Please correct me if I'm wrong! But it seems that django-anon will run Model.clean() on a model instance, and update its corresponding database row, even if no changes have been made.
In some circumstances this can be very wasteful, e.g.
class Foo(models.Model):
bar = models.CharField(default="", max_length=10)
Foo.objects.bulk_create([Foo() for _ in range(100)])
Foo.objects.filter(pk=1).update(bar="baz")
class FooAnonymizer(anon.BaseAnonymizer):
bar = ""
class Meta:
model = Foo
Has optimising for this case been explored?
I am aware that this can be overcome by defining a custom get_queryset(), but this feels more complex, more error-prone, and less declarative.
My understanding is that Django's QuerySet.bulk_update() does not make an attempt to clear out 'effectively noop' updates from being sent through to the database, nor would it be appropriate for it to do so.
My thinking is that django-anon's specific use case could allow for some assumptions to be made, would would make it viable/safe to do this.
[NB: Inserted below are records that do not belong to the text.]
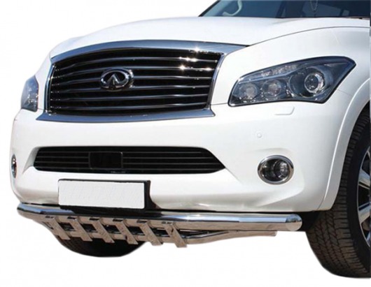 Защита переднего бампера для Infiniti QX56 – это двойная труба на бампер из нержавеющей стали диаметром 76/60 мм.
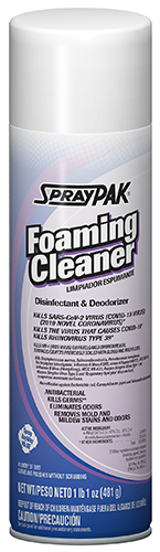 SprayPAK® Foaming Cleaner is a germicidal that kills Staphylococcus aureus, Salmonella Enterica, Pseudomonas aeruginosa, Escherichia coli, Campylobacter jejuni and Salmonella schottmuelleri as well as Trichophyton interdigitale (athlete’s foot) fungi. Also kill Influenza A Virus H2N2, strain A/Japan/305/57, ATCC VR-100, Influenza B Virus (Hong Kong); ATCC VR-823, Herpes Simplex Virus Type 1 and Type 2, Respiratory Syncytial, and HIV-1 (AIDS) Virus on hard, nonporous inanimate surfaces. Removes mold and mildew stains and odors.
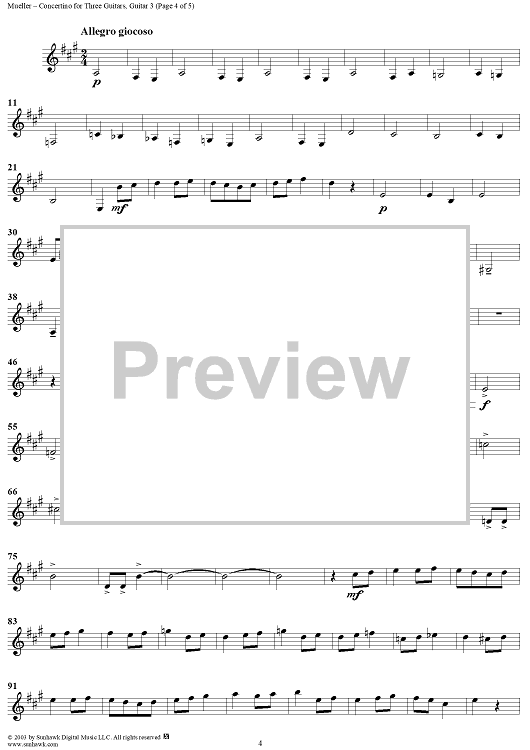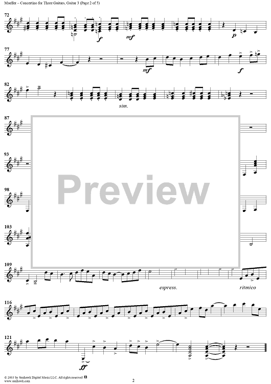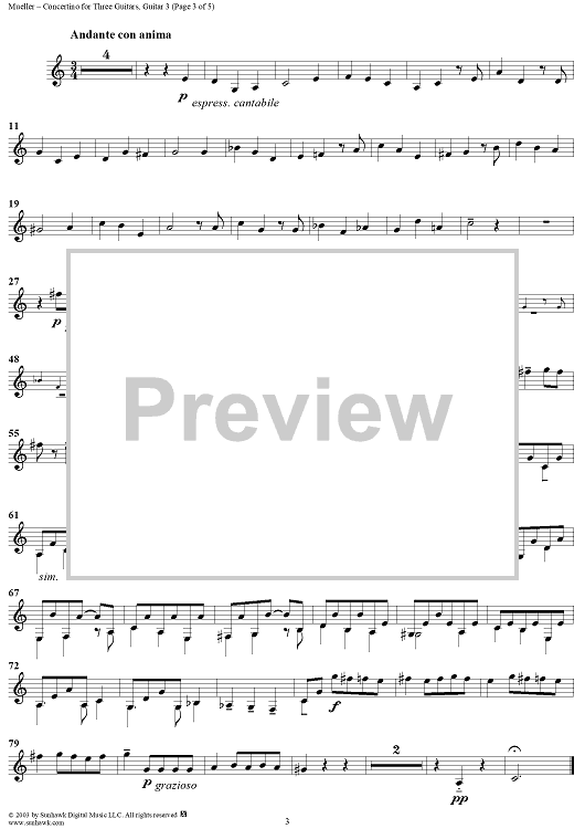 "Concertino for Three Guitars - Guitar 3" Sheet Music by Siegfried Mueller
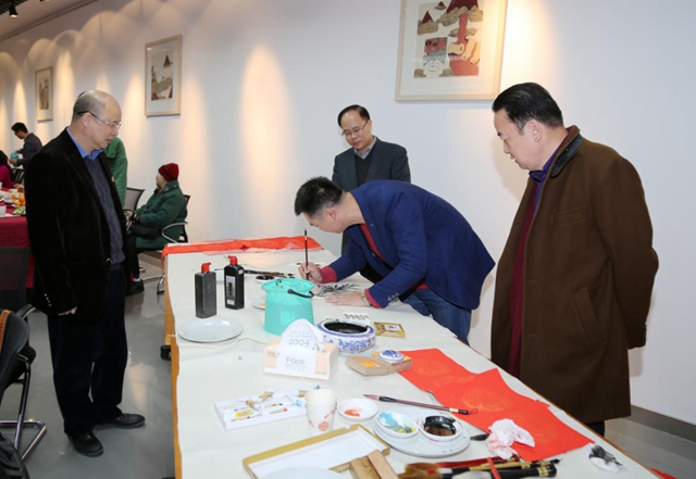 茶话会上,除了文艺演出之外还举办了统一战线同心现场笔会,郑军里校长等党外领导教师挥毫泼墨书写“福”字、春联,集体创作中国画作品,活动现场气氛喜庆祥和,其乐融融,共同祝福学校明天发展更好。
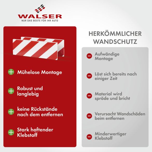 Produktinformationen "WALSER Garagen-Wandschutz, 2 Stück Auto-Türkanten-Schutz selbstklebend 40x15x1,5 cm rot/weiß"

Namely, assuming that a model instance's underlying database row is not changed by 'something else' between the time that the row is fetched to the time when the model is written to the database (which'd result in an incorrect delta calculation). This means that e.g. patch_object() caller could determine the delta for the model instance it's being called for, only call clean() in cases where something is determined to have changed, and report back to its caller whether or not anything was changed, which can be used to determine the instance's addition to the bulk_update() call.
If this is viable at all, it certainly adds complexity, which given this package's context feels like a risk. To me it seems like this'd work in all but the most esoteric uses of django-anon / Django's ORM.
I'm happy to look into this myself but first wanted to check if you/anyone else sees any issues with this, or has already tried it and found that it didn't work :)